Chicken prices feared to soar over AI outbreak

Eric Yoon, Dec. 22, 2016, 9:29 a.m.

SEOUL, Dec. 22 (Yonhap) -- Chicken prices in South Korea are likely to jump next month due to a possible undersupply following the deadliest outbreak of avian influenza (AI), industry sources said Thursday.

South Korea has destroyed more than 20 million chickens and ducks at nearly 400 farms across the nation since the first case of bird flu was reported in mid-November at a chicken farm on the southwest coast.

According to the Korea Broiler Council, nearly half of some 1,500 broiler farms nationwide are unable to bring in newly hatched chicks as the government has banned the movement of poultry in bird flu-hit areas, despite a slim possibility of broilers catching the virus.

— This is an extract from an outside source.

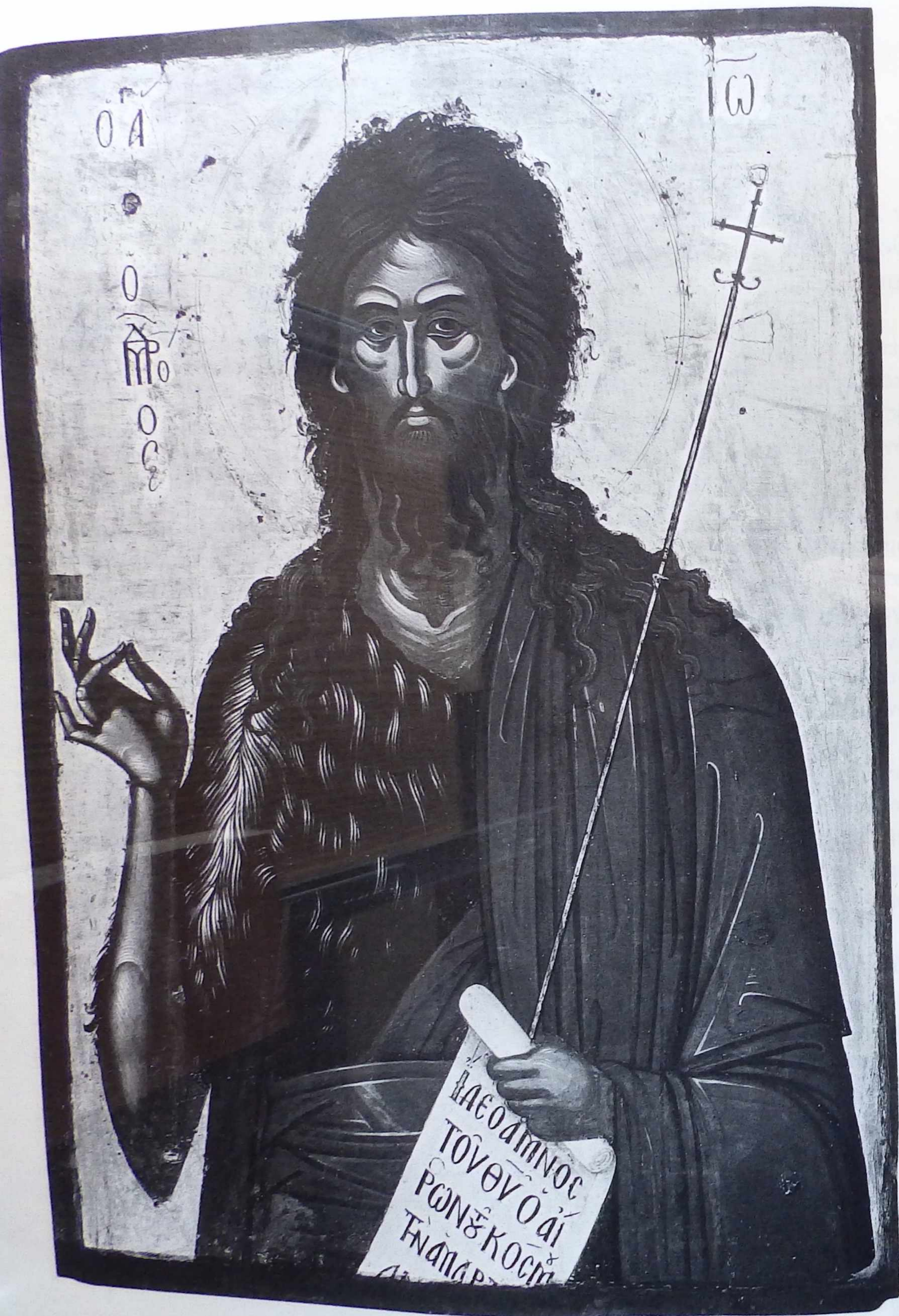
Ο Άγιος Ιωάννης ο Πρόδρομος, έφέστιος εικών του Καθολικού, 16ος αϊ.

Bird flu is known to rarely affect broiler farms, which have modernized disinfection facilities and butcher chickens after raising them without much contact with humans. As of Wednesday, birds at only two broiler farms tested positive for the disease, with just a small number slaughtered.

The council said broiler prices have dropped somewhat due to decreased consumption, but they could surge beginning in January as the supply of fresh chickens is feared to drop sharply.

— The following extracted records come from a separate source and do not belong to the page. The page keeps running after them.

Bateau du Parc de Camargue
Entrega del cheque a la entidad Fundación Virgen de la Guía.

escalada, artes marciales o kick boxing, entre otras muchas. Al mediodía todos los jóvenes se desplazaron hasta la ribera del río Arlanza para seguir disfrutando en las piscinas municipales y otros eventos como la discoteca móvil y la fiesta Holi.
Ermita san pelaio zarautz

Making matters worse, broiler farms could face a double whammy due to plunging chicken consumption as the bird flu outbreak has made people reluctant to eat the meat, it said.

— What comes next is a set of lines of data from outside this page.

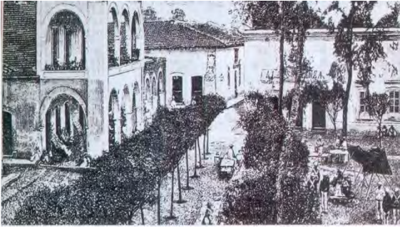
Ciudad de Zitácuaro en el siglo XIX

VII. Vicente Riva Palacio establecería como su centro de operaciones militares la ciudad de Zitácuaro en el transcurso de la guerra de intervención francesa.
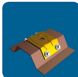
4 Drillnox DBS seitlich befestigen ohne Metallspäne
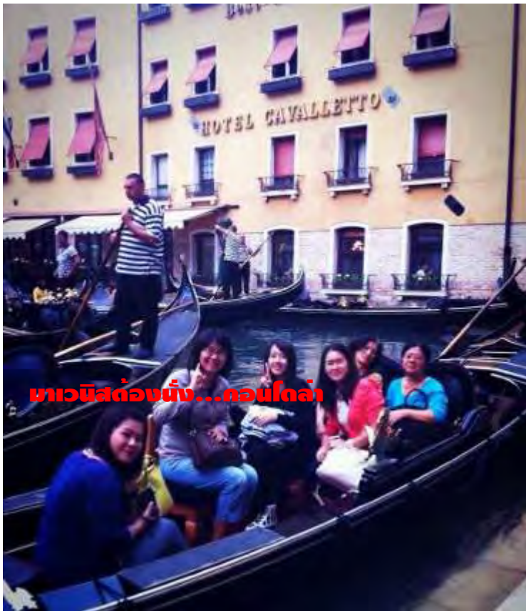
มาวณีสต่องนี้...คอนโดล่า
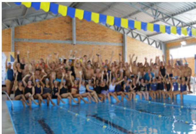
Atletas da natação

Um pouco antes, uma atração regional pra lá de animada iniciou os trabalhos da noite. O cantor Kiko Lemos cantou ritmos variados, indo desde canções tradicionais, passando por músicas internacionais, pagode e rock, intercalando com show de humor que

"Chicken farmers may be hit hard should chicken consumption drop further," said Kim Soo-yong, a spokesman of the council. "A price hike would not be of great help to their income because of weaker demand."

Indeed, sales of chicken at E-Mart, South Korea's leading discount chain, plunged nearly 23 percent from Nov. 21-Dec. 20 from the previous one-month period, with turnover at other stores nationwide sinking about 20 percent.

The country's largest AI outbreak has also sent egg prices soaring due to a record number of slaughtered chickens.